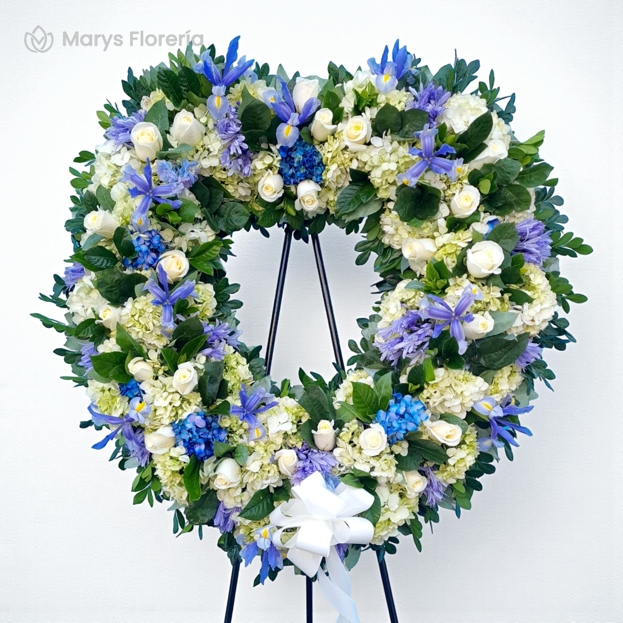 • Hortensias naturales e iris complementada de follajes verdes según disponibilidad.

==

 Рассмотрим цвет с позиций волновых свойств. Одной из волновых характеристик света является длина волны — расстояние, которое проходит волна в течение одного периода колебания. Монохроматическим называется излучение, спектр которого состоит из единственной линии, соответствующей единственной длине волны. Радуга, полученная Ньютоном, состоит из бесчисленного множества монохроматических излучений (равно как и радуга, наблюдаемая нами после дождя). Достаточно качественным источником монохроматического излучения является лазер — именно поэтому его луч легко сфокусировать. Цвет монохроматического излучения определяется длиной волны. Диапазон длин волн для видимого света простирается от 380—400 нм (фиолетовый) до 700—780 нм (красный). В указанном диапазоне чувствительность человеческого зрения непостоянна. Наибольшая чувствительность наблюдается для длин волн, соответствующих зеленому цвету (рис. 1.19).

---

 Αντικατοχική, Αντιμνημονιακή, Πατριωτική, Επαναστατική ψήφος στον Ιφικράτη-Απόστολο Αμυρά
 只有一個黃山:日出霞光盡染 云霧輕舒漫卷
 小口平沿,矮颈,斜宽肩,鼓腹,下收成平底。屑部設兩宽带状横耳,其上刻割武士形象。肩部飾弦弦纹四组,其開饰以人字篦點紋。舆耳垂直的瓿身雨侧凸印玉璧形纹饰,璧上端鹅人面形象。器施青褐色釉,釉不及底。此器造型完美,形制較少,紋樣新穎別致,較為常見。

* _Exercise brief_: Within the listing above, the range opens at the line with "只有一個黃山:日出霞光盡染 云霧輕舒漫卷" and closes at the line with "小口平沿,矮颈,斜宽肩,鼓腹". Reproduce exactly the lines of that range, including both ends.

* _Result_:
 只有一個黃山:日出霞光盡染 云霧輕舒漫卷
 小口平沿,矮颈,斜宽肩,鼓腹,下收成平底。屑部設兩宽带状横耳,其上刻割武士形象。肩部飾弦弦纹四组,其開饰以人字篦點紋。舆耳垂直的瓿身雨侧凸印玉璧形纹饰,璧上端鹅人面形象。器施青褐色釉,釉不及底。此器造型完美,形制較少,紋樣新穎別致,較為常見。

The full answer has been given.